## GIVEN DATA
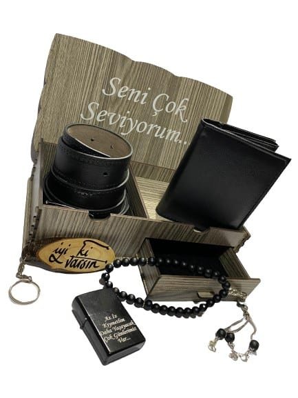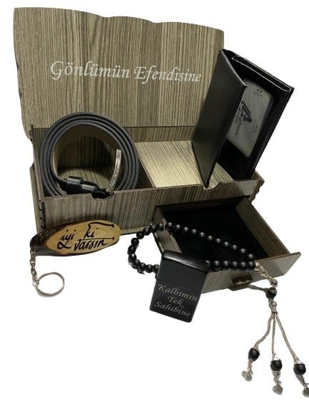 Ahşap, Çekmeceli Kutulu Kemer, Cüzdan, Tesbih, Çakmak Seti
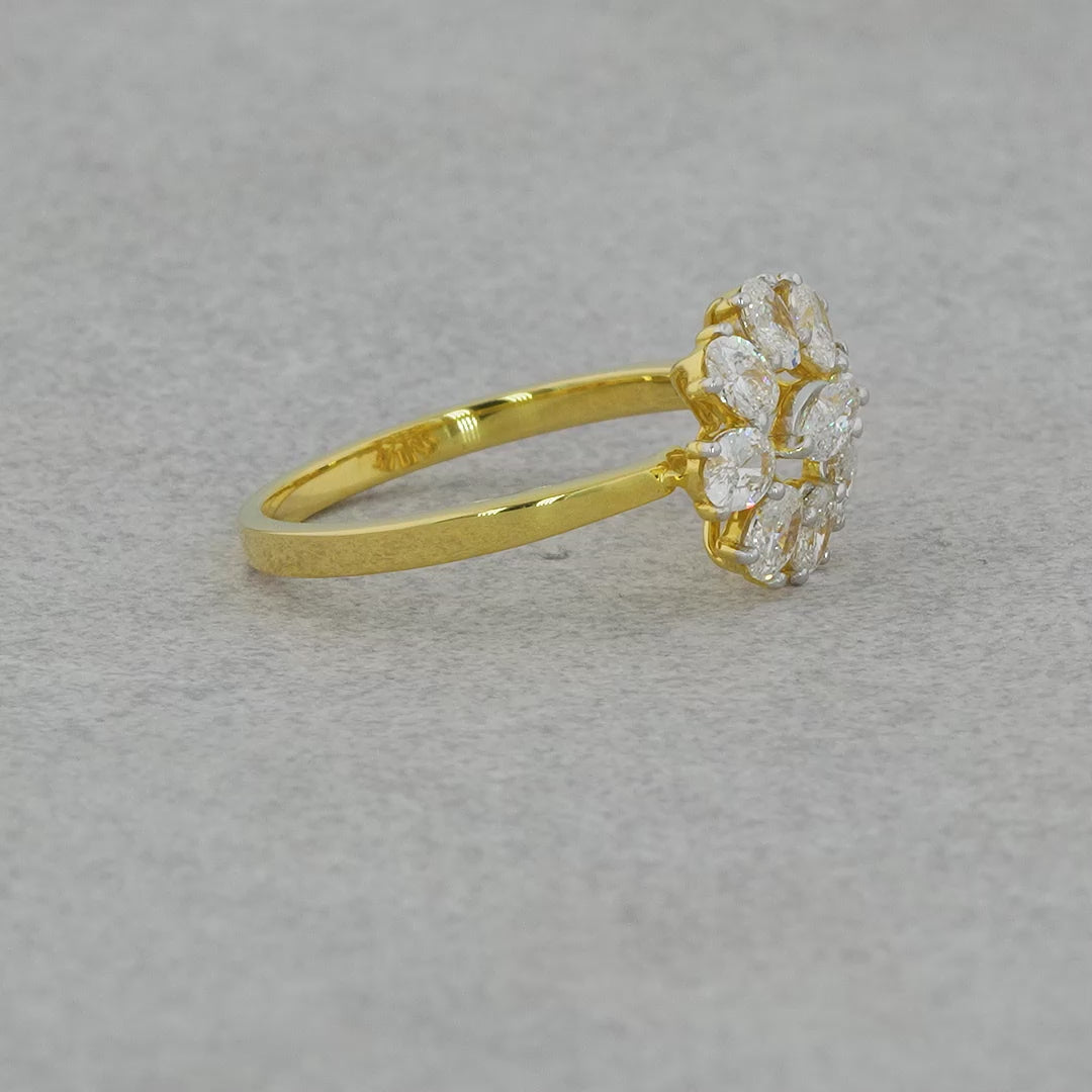 ↦Discover Purecarat's captivating yellow gold floral diamond ring, featuring a dazzling marquise-cut center and sparkling diamond petals. Perfect for a unique statement.
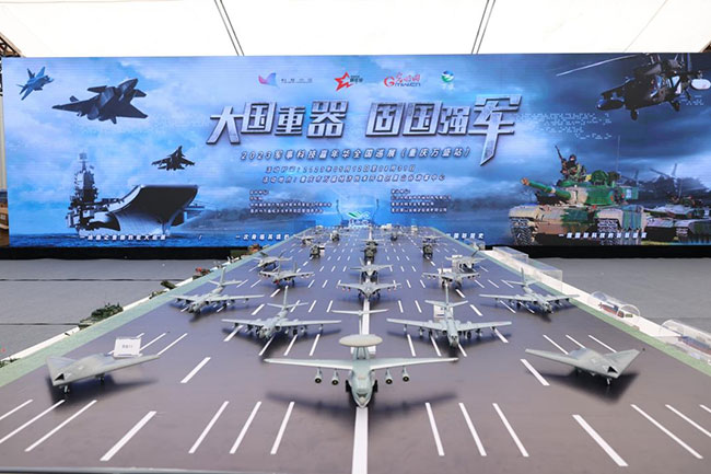 輝煌歷程展區(qū)以時(shí)間主線,將我國(guó)軍事科技領(lǐng)域的重要任務(wù)和重大事件,形成時(shí)空長(zhǎng)廊,再現(xiàn)“大閱兵”的恢宏場(chǎng)景;陸戰(zhàn)驕子展區(qū)則是展示陸軍現(xiàn)代化建設(shè)成果的重要展區(qū),各型1:1比例的裝備模型,讓人們深刻體會(huì)到中國(guó)陸軍裝備的壯大;劍指深藍(lán)展區(qū)聚焦海軍強(qiáng)大艦艇裝備,各型號(hào)軍艦和先進(jìn)武器系統(tǒng)的展示讓人們感受到海軍走向深藍(lán)的勇氣;藍(lán)天利刃展區(qū)則展示空軍先進(jìn)武器和戰(zhàn)機(jī),各型號(hào)戰(zhàn)機(jī)和導(dǎo)彈的專(zhuān)業(yè)介紹讓人們體驗(yàn)到空軍的迅猛發(fā)展;鳴嘯長(zhǎng)空展區(qū)則是以“兩彈一星”為主力展品,并結(jié)合導(dǎo)彈發(fā)射車(chē)、空天一體打擊體系等內(nèi)容,展示我國(guó)戰(zhàn)略打擊力量;深空探秘展區(qū)則是展示我國(guó)太空事業(yè)發(fā)展成果的重要展區(qū),各類(lèi)衛(wèi)星、火箭、空間站的展示,讓人們感受到中國(guó)太空事業(yè)的高速發(fā)展。

## WHAT TO PRODUCE
Write out exactly the lines that run from the top of the listing above to the line containing "a unique statement.", both ends included. Omit every picture.

## RESPONSE AREA
 Ahşap, Çekmeceli Kutulu Kemer, Cüzdan, Tesbih, Çakmak Seti
 ↦Discover Purecarat's captivating yellow gold floral diamond ring, featuring a dazzling marquise-cut center and sparkling diamond petals. Perfect for a unique statement.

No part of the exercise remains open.